Thanks to Instapundit for linking an anti-Obama epic rant by progressive political science professor David Michael Green — apparently, it smarts something fierce when the Kool-Aid wears off (boldfacing mine):
Like any good progressive, I’ve gone from admiration to hope to disappointment to anger when it comes to this president. Now I’m fast getting to rage.
How much rage? I find myself thinking that the thing I want most from the 2010 elections is for his party to get absolutely clobbered, even if that means a repeat of 1994. And that what I most want from 2012 is for him to be utterly humiliated, even if that means President Palin at the helm. That much rage.

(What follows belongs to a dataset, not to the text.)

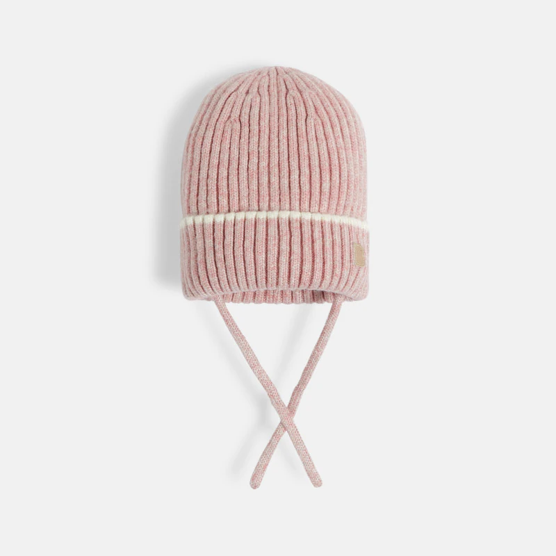 Эта теплая и удобная шапка из эластичного вязаного трикотажа в рубчик надежно защитит от холода голову вашей малышки. Широкий отворот и завязывающийся под подбородком шнурок, чтобы удерживать кепку на месте.

Amazingly, it appears that Prof. Green has looked into what the healthcare reform bills passed by the House and Senate actually would do, as opposed to believing what Obama/Pelosi/Reid claim they will do — I could be wrong, but I get the feeling he no likee:
But here’s a little riddle that any sixth-grader can easily figure out, although it seems to have eluded the brain trust at the White House: If [health] insurance companies are winning big-time [in the proposed healthcare reform bills], then who is doing the losing? Something tells me that if Democrats are dumb enough to pass their own legislation, voters will provide them the answer to that puzzle in November of 2010, and then again two years later. What could be stupider than saddling thirty-five million Americans with a new monthly bill that will probably represent the second or third biggest item in their budget, in exchange for crappy private sector health insurance that is unlikely to pay out when needed, and wastes a third of the dollars paid in premiums on bureaucracy and profits anyhow? Slapping big fines on them if they don’t pony up for the insurance, perhaps? Yep, that’s in there too.
This bill alone could mobilize legions of people to go to the polls and vote for whichever party didn’t do it, and I’m pretty sure the GOP won’t be shy about reminding Americans who that is. I mean, if Democrats were searching for legislation less likely to win them votes, why didn’t they just bring back slavery or the debtor’s prison? Why not come out for pedophilia? It would have been so much more efficient.
I’m going to leave the pedophilia remark alone since I’ve done my best to ignore the Kevin Jennings controversy. But I am delighted that progressives/liberals are finally getting a grip on what the actual healthcare reform legislation would do to them individually and collectively, rather than relying on their politicians and news media to tell them. (When Harry Reid was announcing the Senate votes last week and describing all the good things the healthcare reform bill would do — none of which were true — I had the thought that either Reid is a very good liar OR he is just repeating what he’s been told about the bill and actually believes what he is saying.)
Prof. Green works in a swipe at Republicans, calling them sociopaths, so he is at least aware that there is a syndrome where a person makes promises he does not intend to keep in order to get people to hand over their money and power. The fact that he can’t match it to Obama’s behavior after such a lengthy rant denouncing him reveals how very hard it is to give up on someone for whom you ignored a continent of red flags in the hope that the promises he made to you would be the ones he would choose to keep.